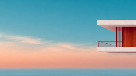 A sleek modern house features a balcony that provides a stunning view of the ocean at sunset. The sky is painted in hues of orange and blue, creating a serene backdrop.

******************************

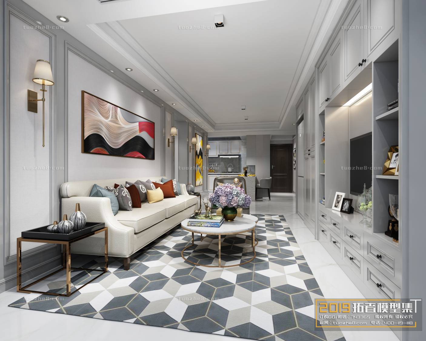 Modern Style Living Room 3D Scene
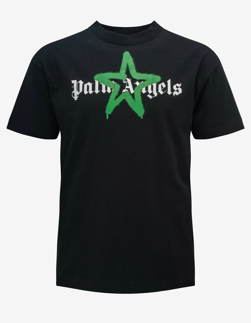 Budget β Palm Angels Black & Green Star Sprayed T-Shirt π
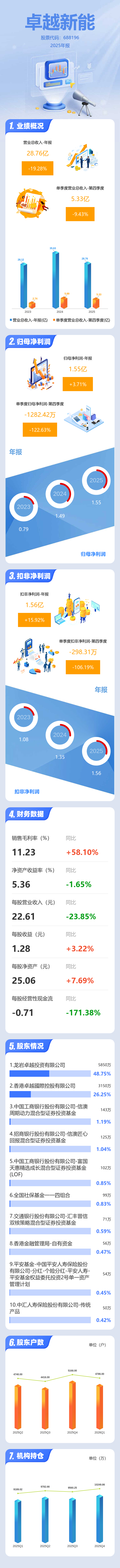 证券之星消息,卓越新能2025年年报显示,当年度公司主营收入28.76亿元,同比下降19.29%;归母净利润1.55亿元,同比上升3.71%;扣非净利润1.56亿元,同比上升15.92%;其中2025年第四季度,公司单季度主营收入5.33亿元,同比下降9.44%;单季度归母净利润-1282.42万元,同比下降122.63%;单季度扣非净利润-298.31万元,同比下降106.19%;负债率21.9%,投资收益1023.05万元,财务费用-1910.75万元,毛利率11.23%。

******************************

# What the exercise asks
Word for word, retype the lines in the entries above that run from the one with "Modern Style Living Room 3D Scene" through the one with "证券之星消息,卓越新能202". Both ends count; pictures do not.

# Task answer
 Modern Style Living Room 3D Scene
 Budget β Palm Angels Black & Green Star Sprayed T-Shirt π
 证券之星消息,卓越新能2025年年报显示,当年度公司主营收入28.76亿元,同比下降19.29%;归母净利润1.55亿元,同比上升3.71%;扣非净利润1.56亿元,同比上升15.92%;其中2025年第四季度,公司单季度主营收入5.33亿元,同比下降9.44%;单季度归母净利润-1282.42万元,同比下降122.63%;单季度扣非净利润-298.31万元,同比下降106.19%;负债率21.9%,投资收益1023.05万元,财务费用-1910.75万元,毛利率11.23%。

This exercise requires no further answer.